In case you were wondering, I am 100% serious about the I Quit Club. For real. Quitting can change your life.
Quitting is tough though. Not the act itself, which is as easy as falling off a bike (and a lot more fun) but getting your head around the idea that it’s okay to quit.
I was brought up to think quitting was bad. Grown-ups told me that “winners never quit and quitters never win”.
It never occurred to me to ask: “win what?” so I carried on not-quitting like a good girl, right up to my second year of university.
To put this in context, I’d wanted to be a doctor since I was 12. My big crush was Noah Wyle in ER and a steady diet of white-coat heroics convinced me medicine was my calling.

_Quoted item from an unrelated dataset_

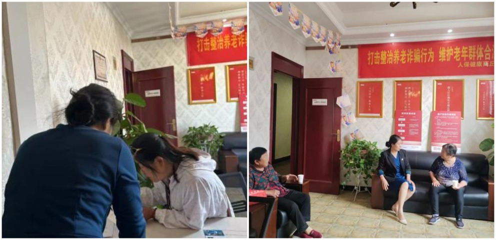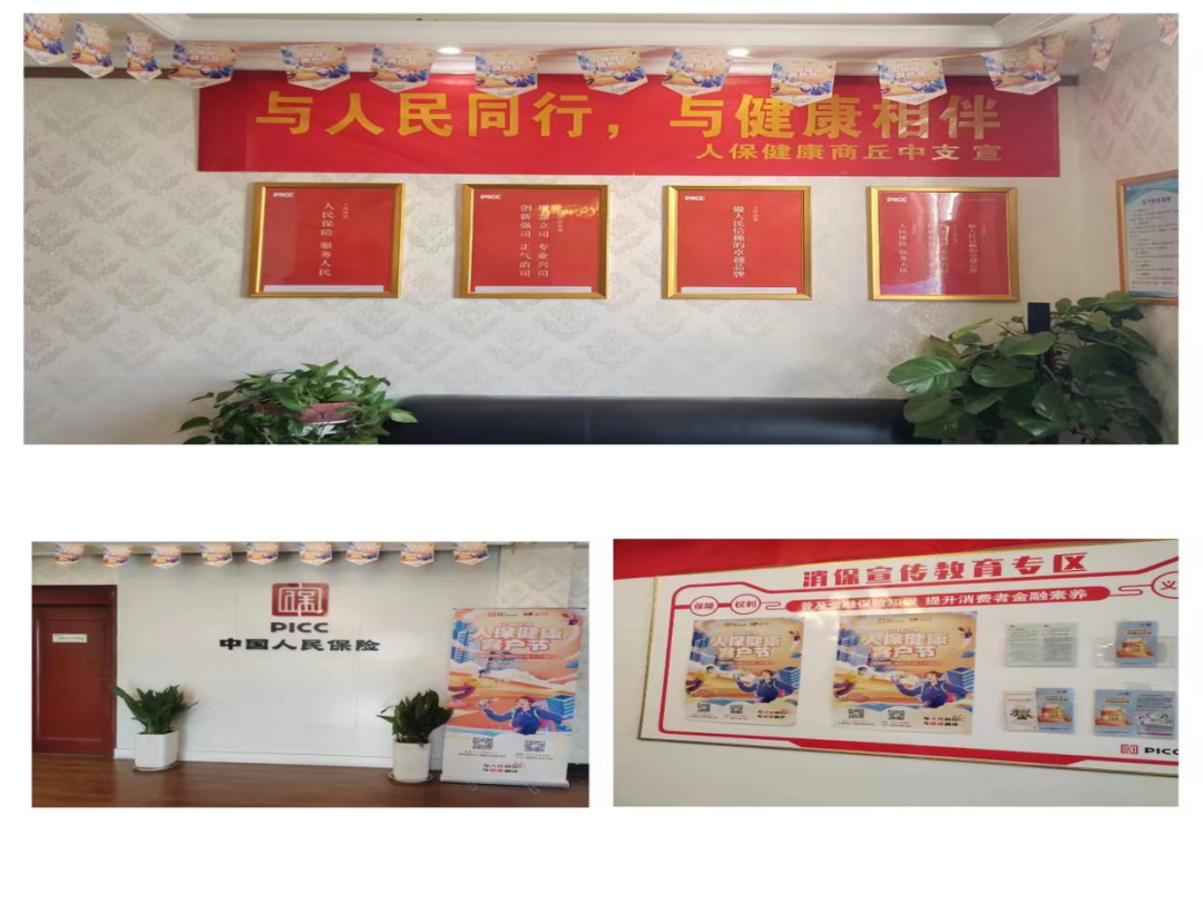根据分公司下发2024年客户节的活动方案,商丘中支在职场内布置关于客户节的宣传:悬挂吊旗、张贴活动主题为“与人民同行  与健康相伴”条幅和海报、放置易拉宝、布置消保宣传教育专区等,使客户在进入职场时清晰的看到本次宣传活动内容。

It was a logical choice: secure, predictable, good money, and above all respectable. Off I waltzed to uni: confident, determined and oblivious to the implications of the fact that I hated physics, struggled with chemistry, shrank from biology, and shuddered at maths. I also studiously suppressed my love of English and writing.
Looking back, I am half-amused and half-horrified at how dumb a bright girl can be (“Was anyone ever so young?” Joan Didion sighed). Nothing got through until my second year when I hit term two of physics. Most stuff I can bluff through but physics stopped me cold. You can’t bullshit an equation. Lectures were torturous and the coursework reduced me to tears.
The idea forced itself into my head, unbidden: “why don’t you quit?” Oh god. That was not in my plan. Quelle drama. I freaked out. Bored my poor friends witless with my teacup tempest. In the States, physics is a pre-med requirement so quitting the class meant the end of my doctor dream. Oh my god. I had my WHOLE LIFE mapped out. Quitting would fuck everything up. But I still couldn’t do physics. So I quit.
The minute I made the decision my anxiety and guilt vanished in a rush of relief. I didn’t have the right answers, but I had definitively eliminated a wrong one. It felt amazing.
What I didn’t appreciate until much later was that you can’t have everything at once. You can’t reach out for something new, or receive a gift, if you’re hanging on to your baggage with both hands.